As India moves towards the path of growing the share of gas in its power basket, gas markets will be a catalyst towards this shift. It will provide competitive and transparent pricing, flexibility in procurement coupled with payment safety. In reality, pricing determined by the industry will lead to higher industrial development and strengthen India’s financial competitiveness.
India has currently created some progress in addressing the gaps at each the infrastructure and policy level necessary to create the gas markets. We are currently witnessing a powerful concentrate on the expansion of the gas pipeline framework in the nation. The PNGRB’s current regulation on uniform transmission tariff and gas exchange regulation, are in the ideal path. Further, the PNGRB has also notified access codes for new city gas distributors. This would enable city gas distribution organizations to transport, distribute and cost organic gas in new cities. This is most likely to enhance gas consumption, thereby, stimulating demand for competitively priced gas which, in turn, increases the significance of gas markets.

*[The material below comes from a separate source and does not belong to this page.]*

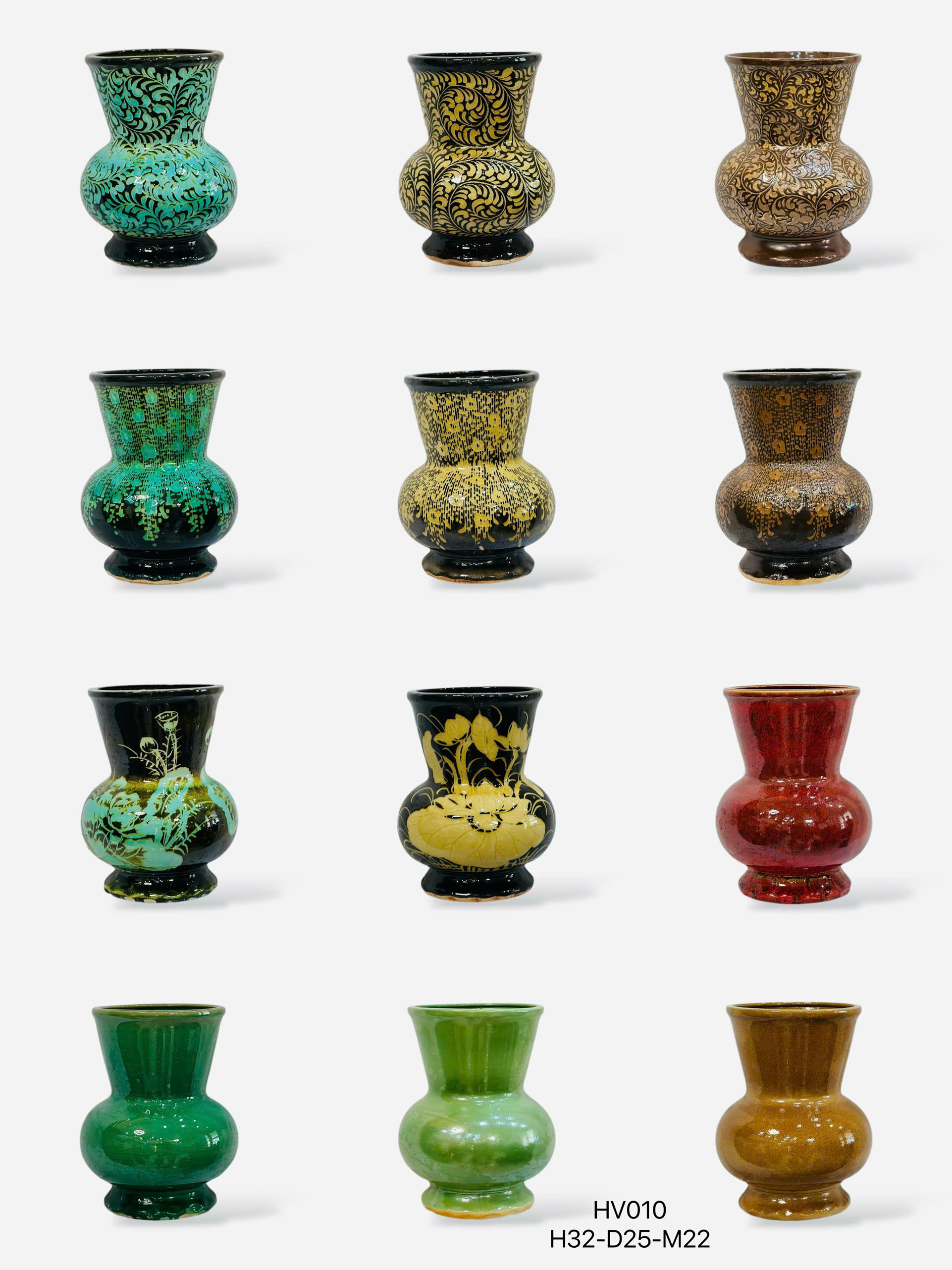 – Màu sắc : đa dạng, men cổ truyền thống Bát Tràng

However, there is a will need for additional essential enablers to develop productive gas markets. These enablers are important as they enable make sure higher competitors, superior utilisation of pipeline infrastructure, and reduce fees for finish prospects. As a nation, we nonetheless have some ground to cover in this path but there are more alterations on the horizon for the business.
Read Part 2 of this short article: What’s relevance of independent program operators, rational transportation tariffs in developing gas markets
Rajesh K Mediratta is the Director at Indian Gas Exchange and Director at Strategy & regulatory Affairs, Indian Energy Exchange. Views expressed are the author’s personal.